MotoGP, Michelin: Phillip Island cannot be taken lightly

In Australia the front tyres will also be asymmetrical. Taramasso: "tyres are stressed in a way we don't see at other tracks"


Phillip Island is one of those tracks that riders love or hate, while for the tyre supplier it represents a significant challenge. Michelin well knows that there is no room for error at the 4448 m Australian track. This GP is an extreme test for tyres, that have to cope with fast turns, particularly the last one where tyres the highest temperature of the season.

At the Phillip Island round, both the rear and front tyres will be asymmetric, just like at the Sachsenring and Valencia. Three compounds are available (soft, medium and hard ) with a harder left side to help with the stress of the fast turns, while the right is softer so that it reaches temperature quickly.

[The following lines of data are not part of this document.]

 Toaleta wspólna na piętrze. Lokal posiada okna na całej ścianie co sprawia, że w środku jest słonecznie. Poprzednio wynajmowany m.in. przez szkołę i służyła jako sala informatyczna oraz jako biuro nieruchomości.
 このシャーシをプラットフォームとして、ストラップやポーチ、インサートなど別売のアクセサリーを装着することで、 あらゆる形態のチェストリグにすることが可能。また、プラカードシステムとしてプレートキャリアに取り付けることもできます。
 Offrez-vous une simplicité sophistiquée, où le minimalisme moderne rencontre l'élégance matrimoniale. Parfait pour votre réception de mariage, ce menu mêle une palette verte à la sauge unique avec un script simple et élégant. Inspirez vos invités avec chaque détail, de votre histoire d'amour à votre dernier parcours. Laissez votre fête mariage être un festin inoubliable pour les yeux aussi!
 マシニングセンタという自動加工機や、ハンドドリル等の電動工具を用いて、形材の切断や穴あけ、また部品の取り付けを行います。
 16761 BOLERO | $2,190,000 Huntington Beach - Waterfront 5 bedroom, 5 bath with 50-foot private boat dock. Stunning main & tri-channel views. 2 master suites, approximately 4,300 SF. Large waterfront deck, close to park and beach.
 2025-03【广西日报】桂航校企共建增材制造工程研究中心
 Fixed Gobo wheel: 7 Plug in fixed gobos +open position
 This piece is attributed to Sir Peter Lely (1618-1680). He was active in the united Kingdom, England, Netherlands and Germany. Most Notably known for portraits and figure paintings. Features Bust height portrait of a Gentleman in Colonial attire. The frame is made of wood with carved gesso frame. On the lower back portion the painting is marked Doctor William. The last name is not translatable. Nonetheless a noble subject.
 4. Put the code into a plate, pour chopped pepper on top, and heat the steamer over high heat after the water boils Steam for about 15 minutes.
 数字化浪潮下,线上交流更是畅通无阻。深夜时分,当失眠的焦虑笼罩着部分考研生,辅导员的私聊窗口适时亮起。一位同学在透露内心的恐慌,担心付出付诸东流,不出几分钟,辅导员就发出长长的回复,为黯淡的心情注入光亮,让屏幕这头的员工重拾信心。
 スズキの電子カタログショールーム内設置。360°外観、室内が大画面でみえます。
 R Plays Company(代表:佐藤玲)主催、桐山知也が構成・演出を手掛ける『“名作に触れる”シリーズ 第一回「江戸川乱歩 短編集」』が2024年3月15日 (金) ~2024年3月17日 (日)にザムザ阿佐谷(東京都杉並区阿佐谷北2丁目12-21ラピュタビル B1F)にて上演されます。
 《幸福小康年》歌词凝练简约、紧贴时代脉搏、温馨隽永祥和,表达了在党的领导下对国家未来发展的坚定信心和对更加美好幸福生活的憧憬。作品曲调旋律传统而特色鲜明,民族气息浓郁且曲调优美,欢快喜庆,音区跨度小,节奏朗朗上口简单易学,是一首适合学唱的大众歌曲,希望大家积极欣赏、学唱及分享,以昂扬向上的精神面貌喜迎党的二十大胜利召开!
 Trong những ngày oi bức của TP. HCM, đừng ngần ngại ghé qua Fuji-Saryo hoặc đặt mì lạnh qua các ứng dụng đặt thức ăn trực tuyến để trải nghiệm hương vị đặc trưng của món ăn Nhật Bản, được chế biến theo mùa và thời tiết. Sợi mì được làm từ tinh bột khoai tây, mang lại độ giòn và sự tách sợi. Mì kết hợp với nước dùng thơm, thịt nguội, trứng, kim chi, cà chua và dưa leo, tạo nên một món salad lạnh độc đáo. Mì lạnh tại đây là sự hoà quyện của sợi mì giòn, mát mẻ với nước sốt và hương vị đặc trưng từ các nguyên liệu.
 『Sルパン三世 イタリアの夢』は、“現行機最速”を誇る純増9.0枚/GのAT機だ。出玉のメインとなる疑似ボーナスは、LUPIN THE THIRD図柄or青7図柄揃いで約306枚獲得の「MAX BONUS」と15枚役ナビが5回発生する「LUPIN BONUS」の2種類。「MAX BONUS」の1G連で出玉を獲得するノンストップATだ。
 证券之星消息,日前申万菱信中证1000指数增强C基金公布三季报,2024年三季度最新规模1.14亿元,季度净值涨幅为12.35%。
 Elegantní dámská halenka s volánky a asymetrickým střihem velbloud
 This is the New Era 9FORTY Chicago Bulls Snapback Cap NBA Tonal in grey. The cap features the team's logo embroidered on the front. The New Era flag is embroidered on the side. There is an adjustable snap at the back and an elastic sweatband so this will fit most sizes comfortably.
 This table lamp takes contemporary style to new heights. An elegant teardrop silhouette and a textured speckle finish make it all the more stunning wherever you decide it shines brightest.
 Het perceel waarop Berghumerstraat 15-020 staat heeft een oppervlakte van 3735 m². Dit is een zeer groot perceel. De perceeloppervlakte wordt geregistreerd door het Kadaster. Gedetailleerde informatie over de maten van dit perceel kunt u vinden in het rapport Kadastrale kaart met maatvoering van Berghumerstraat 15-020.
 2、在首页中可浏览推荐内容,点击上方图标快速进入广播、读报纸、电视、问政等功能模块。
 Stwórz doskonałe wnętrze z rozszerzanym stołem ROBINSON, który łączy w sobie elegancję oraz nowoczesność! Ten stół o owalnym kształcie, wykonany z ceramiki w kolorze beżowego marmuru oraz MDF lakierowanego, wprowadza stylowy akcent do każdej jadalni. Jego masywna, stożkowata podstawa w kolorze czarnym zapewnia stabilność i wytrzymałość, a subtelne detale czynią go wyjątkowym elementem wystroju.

In case of rain, the front tyres are symmetrical, while the rears are asymmetrical, all in a soft or medium compound.

"Phillip Island has a special significance for all involved with Michelin, as it is the one race of the season where we have the title sponsorship, so it feels very much like ‘our’ race -explains manager Piero Taramasso - The track is one of the most challenging throughout the year, it puts stresses on the tyres that we do not see anywhere else. Our tyres need to contend with high lap-times, a very asymmetric layout and some extremely fast corners, so they need to perform at all those levels, as well as having the ability to warm-up quickly, because it can be very cool there, as we have seen in recent seasons."

"This is a circuit we are always very respectful of and one that we don’t take lightly, that is why we have a tyre that is particular to Phillip Island, it is important for us to perform to the best of our ability at this round and we will certainly be doing that.”